**Problem to solve:** Could you give back exactly the lines below from the one with "вставкой обеспечивает идеальное" through the one with "以下为 YA 2025(2026", without a single picture?

***** The records *****

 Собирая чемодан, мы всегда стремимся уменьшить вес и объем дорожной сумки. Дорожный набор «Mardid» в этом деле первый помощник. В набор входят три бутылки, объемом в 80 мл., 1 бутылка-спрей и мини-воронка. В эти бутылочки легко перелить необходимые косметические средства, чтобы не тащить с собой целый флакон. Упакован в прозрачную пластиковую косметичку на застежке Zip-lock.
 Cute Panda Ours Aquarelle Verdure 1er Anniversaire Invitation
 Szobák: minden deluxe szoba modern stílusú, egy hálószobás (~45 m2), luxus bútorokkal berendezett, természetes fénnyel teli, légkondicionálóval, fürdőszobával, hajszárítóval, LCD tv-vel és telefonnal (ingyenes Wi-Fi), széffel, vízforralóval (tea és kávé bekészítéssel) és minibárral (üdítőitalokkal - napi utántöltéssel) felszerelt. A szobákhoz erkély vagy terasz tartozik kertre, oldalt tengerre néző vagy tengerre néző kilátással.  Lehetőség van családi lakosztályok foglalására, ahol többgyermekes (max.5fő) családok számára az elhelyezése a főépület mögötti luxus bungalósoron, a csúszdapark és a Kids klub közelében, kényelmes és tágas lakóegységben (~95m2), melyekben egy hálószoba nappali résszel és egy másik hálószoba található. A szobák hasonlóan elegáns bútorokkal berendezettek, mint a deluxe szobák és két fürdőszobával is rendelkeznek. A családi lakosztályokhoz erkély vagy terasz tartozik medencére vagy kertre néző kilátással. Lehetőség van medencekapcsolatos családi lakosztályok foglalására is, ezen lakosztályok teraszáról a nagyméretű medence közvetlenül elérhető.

*****
***** The records *****

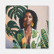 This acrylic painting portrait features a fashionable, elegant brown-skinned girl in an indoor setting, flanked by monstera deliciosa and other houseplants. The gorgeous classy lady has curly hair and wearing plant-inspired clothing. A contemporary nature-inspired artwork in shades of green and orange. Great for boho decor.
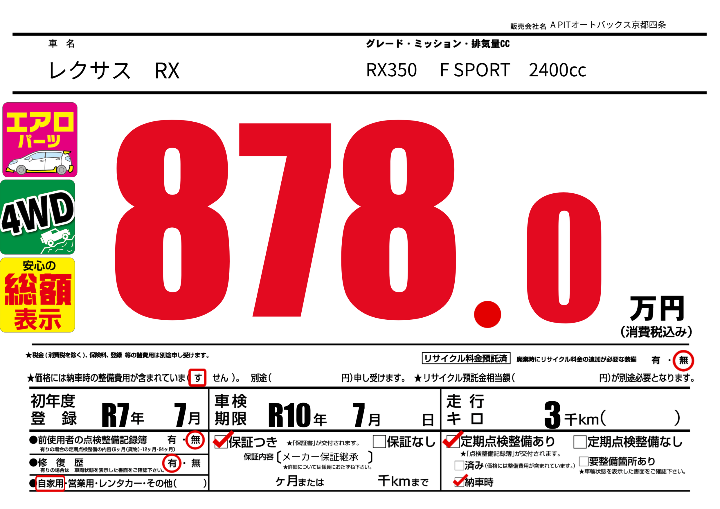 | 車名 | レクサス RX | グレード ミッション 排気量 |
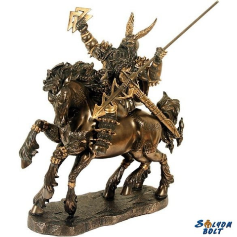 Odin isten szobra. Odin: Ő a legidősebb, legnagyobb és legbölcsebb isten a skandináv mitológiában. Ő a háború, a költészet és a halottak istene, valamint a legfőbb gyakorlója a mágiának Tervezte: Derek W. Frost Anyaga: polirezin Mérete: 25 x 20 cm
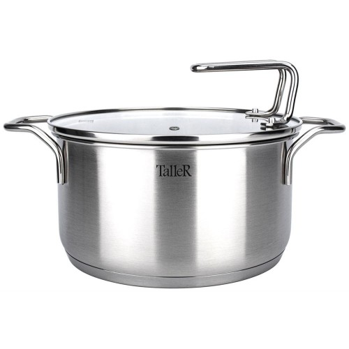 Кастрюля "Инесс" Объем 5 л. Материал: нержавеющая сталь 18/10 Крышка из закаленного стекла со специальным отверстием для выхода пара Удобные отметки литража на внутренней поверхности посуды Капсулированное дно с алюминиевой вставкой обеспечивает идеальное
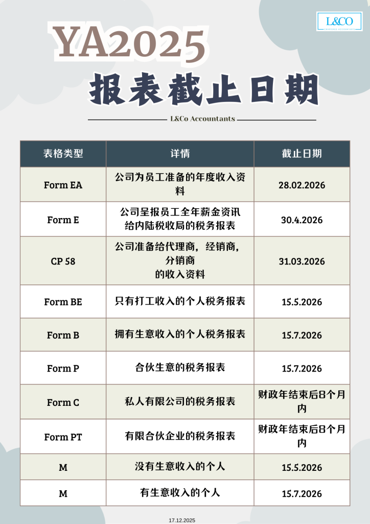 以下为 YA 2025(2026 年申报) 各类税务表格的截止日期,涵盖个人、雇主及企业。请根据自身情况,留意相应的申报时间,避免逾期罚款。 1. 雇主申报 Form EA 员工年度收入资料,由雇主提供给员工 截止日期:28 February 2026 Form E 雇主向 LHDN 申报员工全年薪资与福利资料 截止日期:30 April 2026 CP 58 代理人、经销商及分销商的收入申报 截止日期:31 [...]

*****

**Finished task:**
 Кастрюля "Инесс" Объем 5 л. Материал: нержавеющая сталь 18/10 Крышка из закаленного стекла со специальным отверстием для выхода пара Удобные отметки литража на внутренней поверхности посуды Капсулированное дно с алюминиевой вставкой обеспечивает идеальное
 以下为 YA 2025(2026 年申报) 各类税务表格的截止日期,涵盖个人、雇主及企业。请根据自身情况,留意相应的申报时间,避免逾期罚款。 1. 雇主申报 Form EA 员工年度收入资料,由雇主提供给员工 截止日期:28 February 2026 Form E 雇主向 LHDN 申报员工全年薪资与福利资料 截止日期:30 April 2026 CP 58 代理人、经销商及分销商的收入申报 截止日期:31 [...]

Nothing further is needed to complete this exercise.